The district court did grant, however, TKK's request for section 155 sanctions for the modest cost of defending Safety National's motion to reconsider. The parties agree that the correct standard of review for the grant of section 155 sanctions for a motion to reconsider is abuse of discretion. Ye t Ehlco seems to suggest that the appropriate standard of review for the grant of section 155 sanctions in the denial of a motion to reconsider would depend upon the appropriate standard of review for the motion to reconsider itself. Ehlco, 708 N.E.2d at 1139 (explaining that de novo review applies to grant of section 155 sanctions in motion for judgment on the pleadings because Illinois courts review judgments on the pleadings de novo); Korte Constr. Co., 750 N.E.2d at 771 (citing Ehlco to explain that grant of section 155 sanctions on motion for summary judgment is reviewed de novo because grants of summary judgment are reviewed de novo). Under Illinois law, the standard of review for motions to reconsider depends on the content of the motion itself, which in this case would be de novo because the motion to reconsider did not raise any new issues of law or facts. Muhammad v. Muhammad-Rahmah, 844 N.E.2d 49, 56 (Ill.App. 2006) (explaining that motions to reconsider that do not raise any new law or facts are reviewed de novo). We need not come to closure on this issue of Illinois law, though. Under either standard, de novo review or abuse of discretion, the district court's decision was correct.
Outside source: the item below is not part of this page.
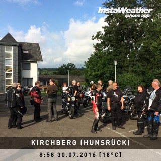 Auf Nebenwegen ging es Richtung Idar-Oberstein. Im Berghotel Kristall hatten wir uns zur Kaffeepause angesagt. Mit vier Gruppen waren wir unterwegs, die sich unterwegs immer wieder mal trafen und – um nicht hintereinander her fahren zu müssen – spontan den einen oder anderen Umweg einlegten. Am Ende saßen wir alle auf der Sonnenterrasse vereint – fast alle …
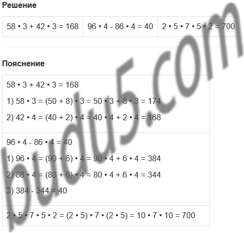 | 58 • 3 + 42 • 3 | 96 • 4 - 86 • 4 | 2 • 5 • 7 • 5 • 2 |

The district court awarded section 155 attorney fees for the motion to reconsider because it found that the motion did not present any new law or new facts "but simply rehashed [defendant's] previous argument that 'Employers' Liability Laws' meant the ODA and WCA exclusively." TKK USA, Inc. v. Safety Nat'l Cas. Corp., 2011 WL 7138875, at *1 (N.D. Ill.Dec. 2, 2011). The district judge described the motion to reconsider as doing nothing more than "challeng[ing] my interpretation of the policy terms … ." Id. On appeal, Safety National argues that it filed the motion after exercising professional judgment. We appreciate that. But the fees were not assessed here because an attorney acted unethically. They were assessed because the decision to file the motion was unreasonable. Based on the lack of new argument, law, or fact, the district court reasonably viewed the motion as simply "rehashing" old arguments. We affirm the district court's award of attorney fees.

3. Request for Attorney Fees for this Appeal

In its request for attorney fees for this appeal pursuant to Federal Rule of Appellate Procedure 38, TKK repeats its arguments about why there was never a good faith dispute in the first place. We reject this argument for reasons already stated. This appeal was not frivolous.

In sum, the better reading of the insurance policy here results in coverage for the costs of defending and settling the Perkins lawsuit, as the district court found. And thus Safety National must reimburse TKK for its claim expenses, including costs of defense and settlement, above the floor of the excess liability policy, and for its expenses in responding to the motion to reconsider.

The decisions of the district court are AFFIRMED.